BEGIN Data listing

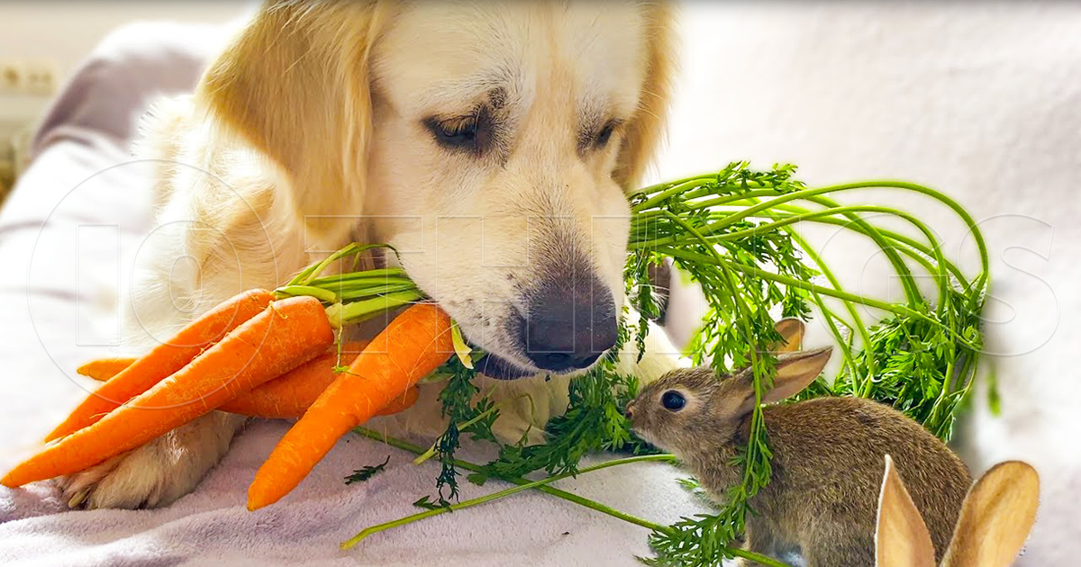 Lovable Golden Retriever Serves Baby Bunnies Carrots for Lunch
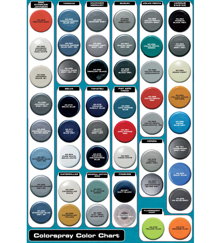 I colori TK sono disponibili nelle tinte originali delle marche dei motori marini entro e fuoribordo più diffusi.
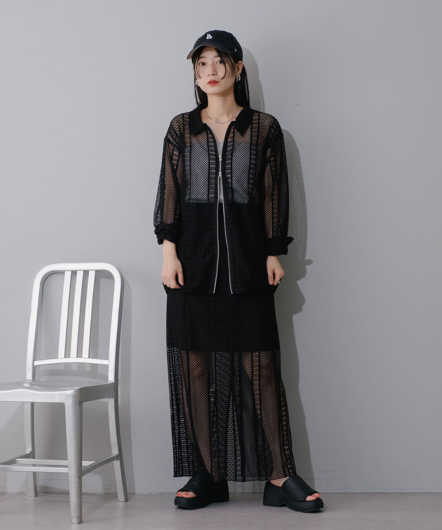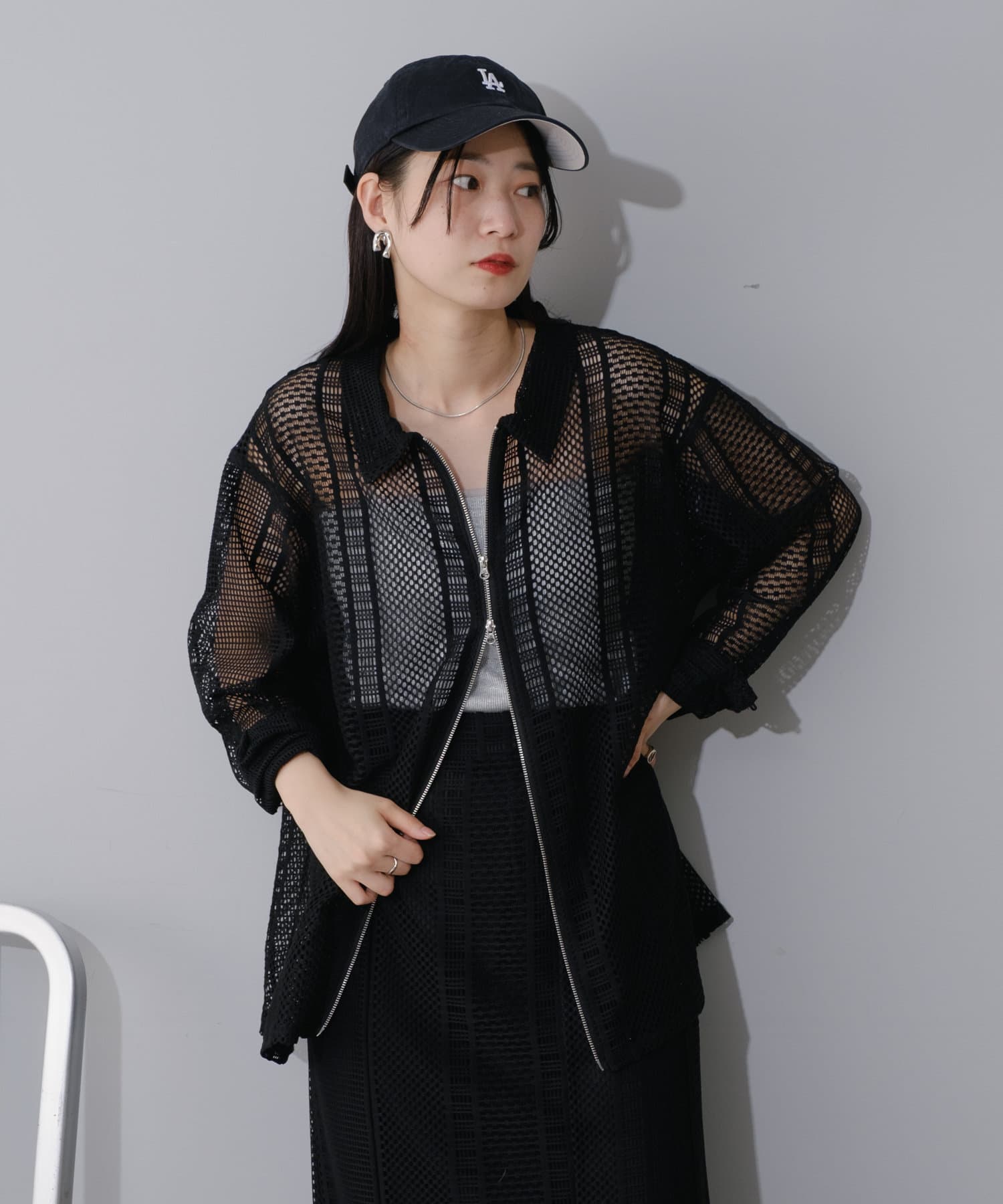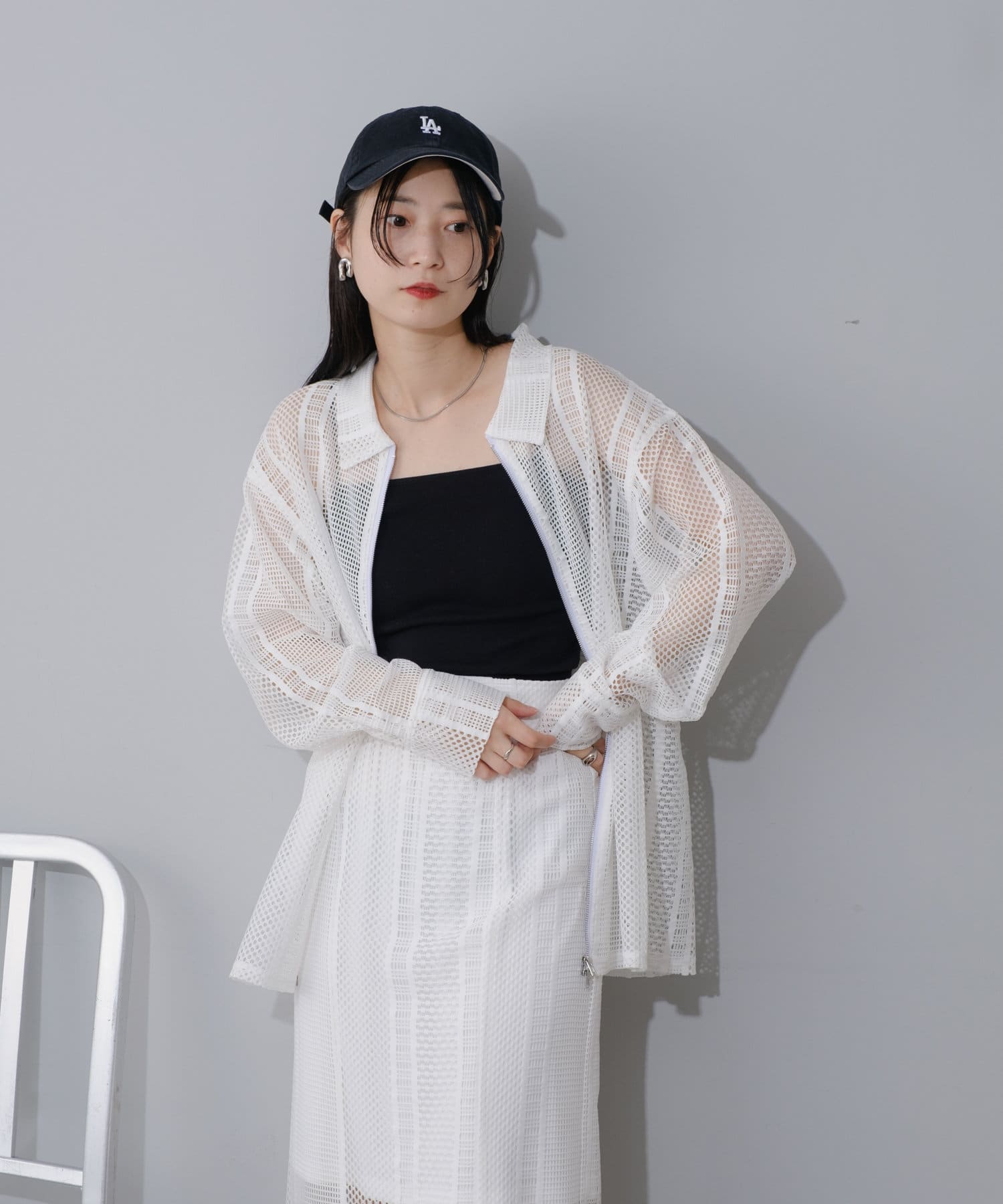 セットアップのスカートと合わせて頂くとトレンド感溢れる上級者コーデに◎
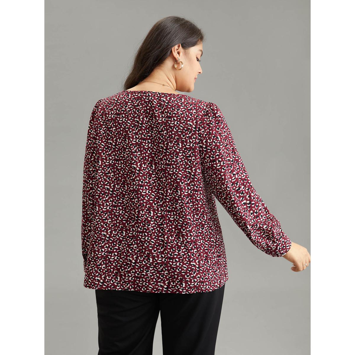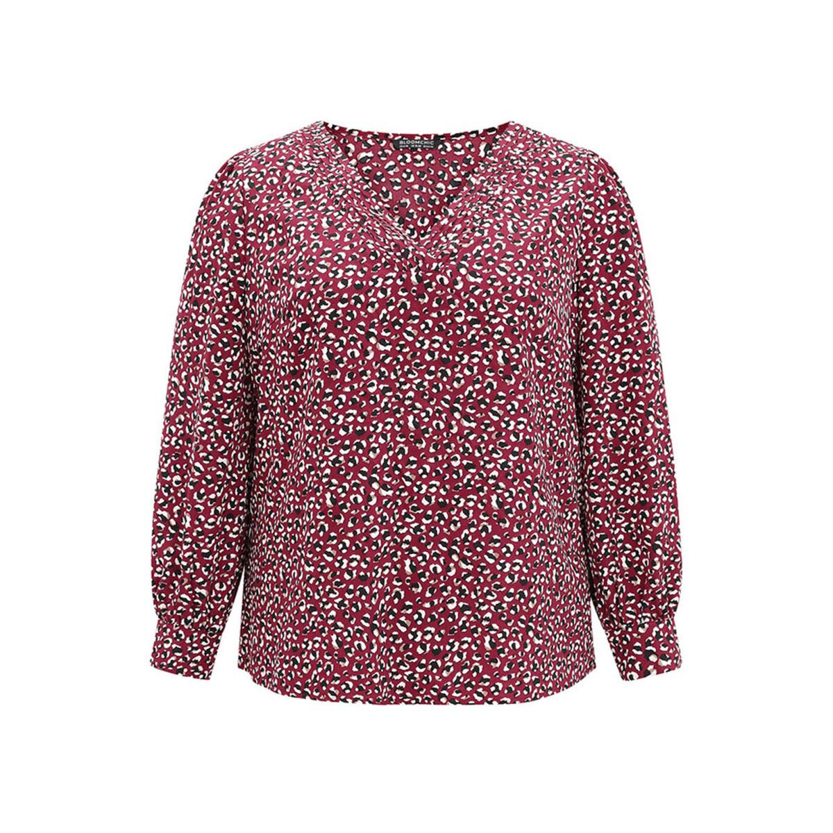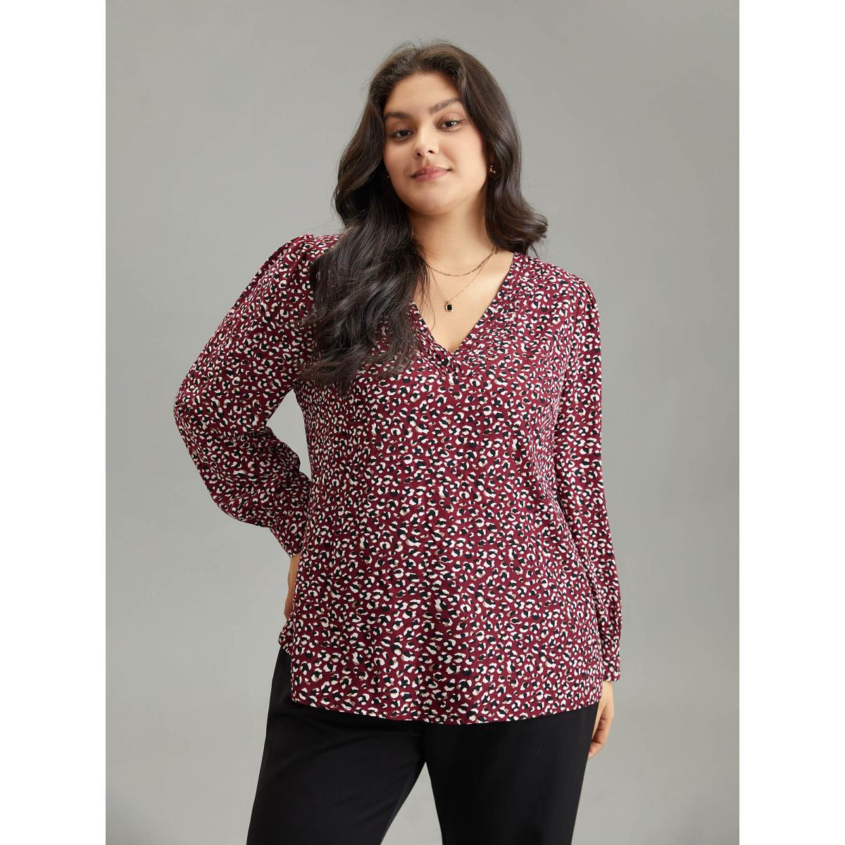 Plus Size Burgundy Allover Print V Neck Pleated Blouse Women Office Long Sleeve V-neck Office Blouses BloomChic 14-16/1X
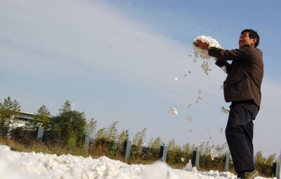 喜晒新棉 2014年11月12日,云梦县隔蒲谭镇农民在县经济开发区喜晒新棉。今年,云梦县积极引导棉农大力发展杂交棉,科学种植、科学管理,棉花获得好收成。
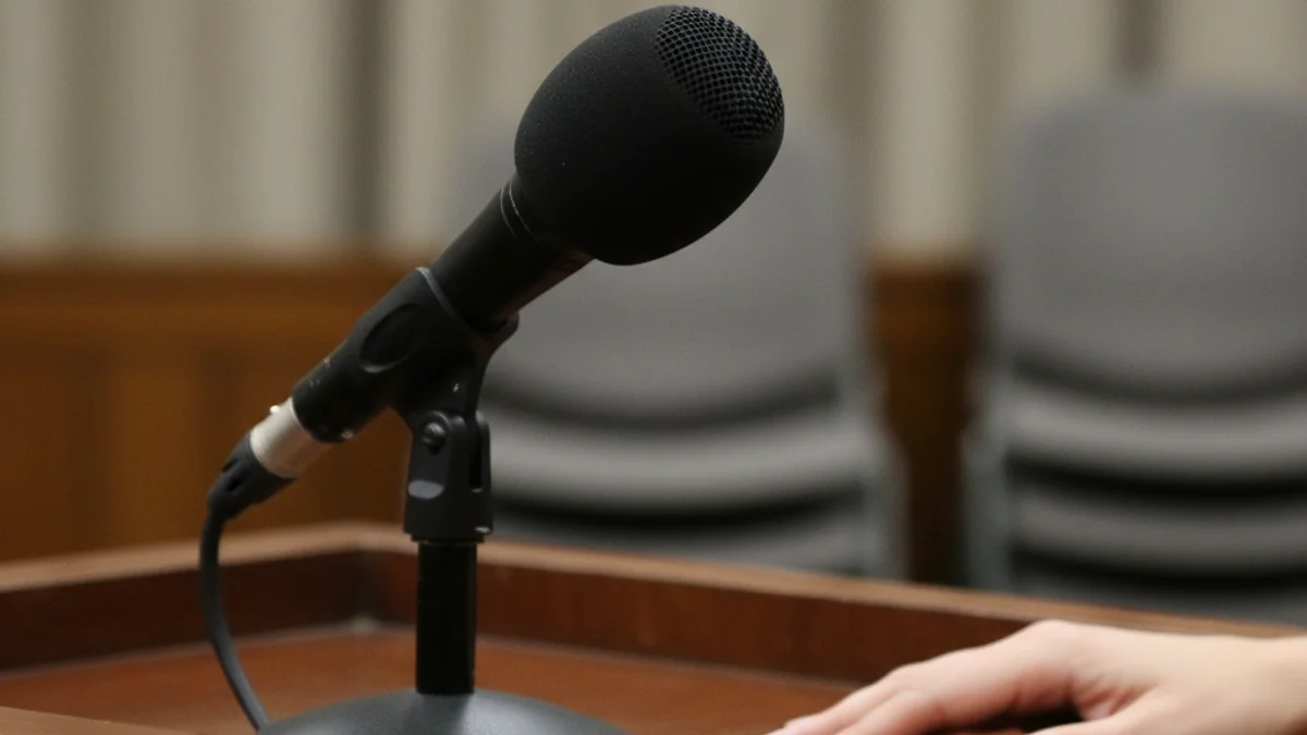 Una silueta d'una dona advocada parlant en un podi o davant d'un micròfon en un context de sala de premsa o tribunal.
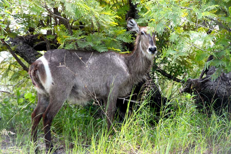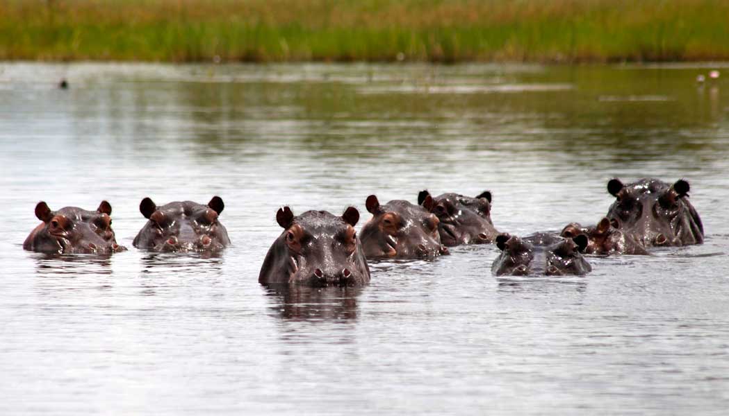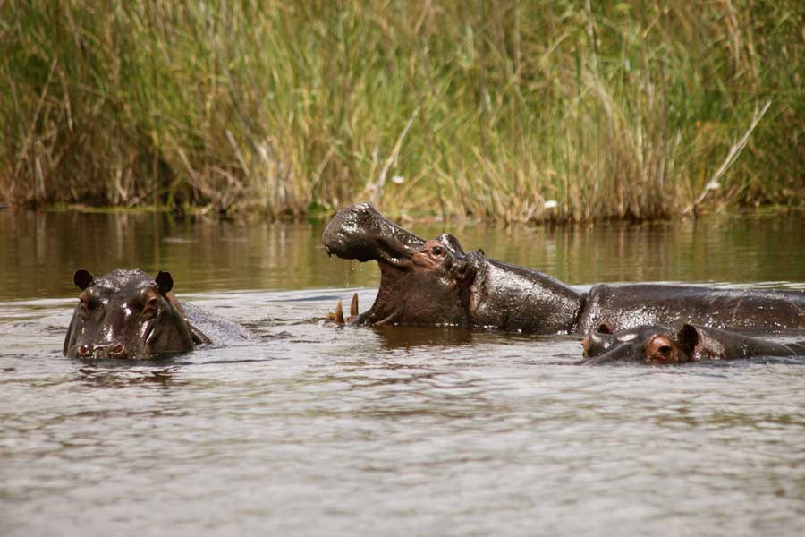 Flusspferde, Elefanten, Krokodile, Büffel, Zebras, Bleichböckchen, vielfältige Vogelwelt.
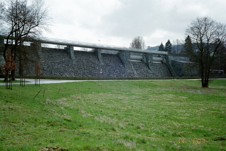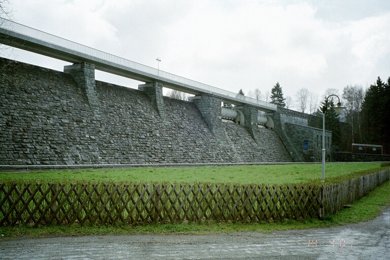 Sie die Mauer der Tal- sperre Pirk, eine wohl eindrucks-
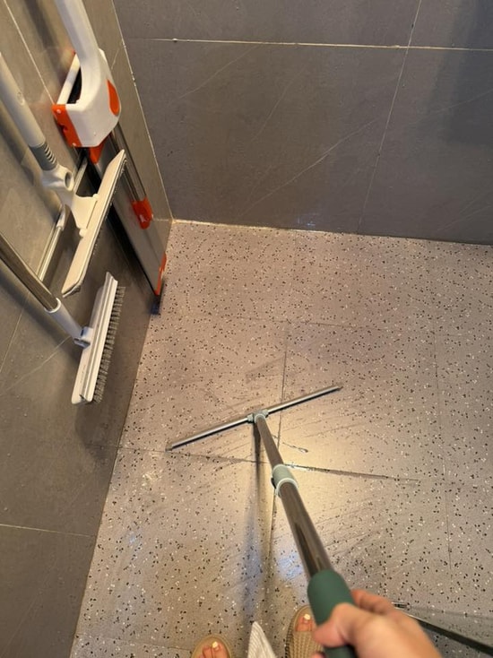 Sau khi tắm hoặc vệ sinh, hãy dùng cây gạt nước chuyên dụng để gạt hết nước đọng trên sàn và các vách kính hoặc tường ốp gạch.

END Data listing

What you should produce is an exact copy of the records, with the pictures left out.

 Lovable Golden Retriever Serves Baby Bunnies Carrots for Lunch
 I colori TK sono disponibili nelle tinte originali delle marche dei motori marini entro e fuoribordo più diffusi.
 セットアップのスカートと合わせて頂くとトレンド感溢れる上級者コーデに◎
 Plus Size Burgundy Allover Print V Neck Pleated Blouse Women Office Long Sleeve V-neck Office Blouses BloomChic 14-16/1X
 喜晒新棉 2014年11月12日,云梦县隔蒲谭镇农民在县经济开发区喜晒新棉。今年,云梦县积极引导棉农大力发展杂交棉,科学种植、科学管理,棉花获得好收成。
 Una silueta d'una dona advocada parlant en un podi o davant d'un micròfon en un context de sala de premsa o tribunal.
 Flusspferde, Elefanten, Krokodile, Büffel, Zebras, Bleichböckchen, vielfältige Vogelwelt.
 Sie die Mauer der Tal- sperre Pirk, eine wohl eindrucks-
 Sau khi tắm hoặc vệ sinh, hãy dùng cây gạt nước chuyên dụng để gạt hết nước đọng trên sàn và các vách kính hoặc tường ốp gạch.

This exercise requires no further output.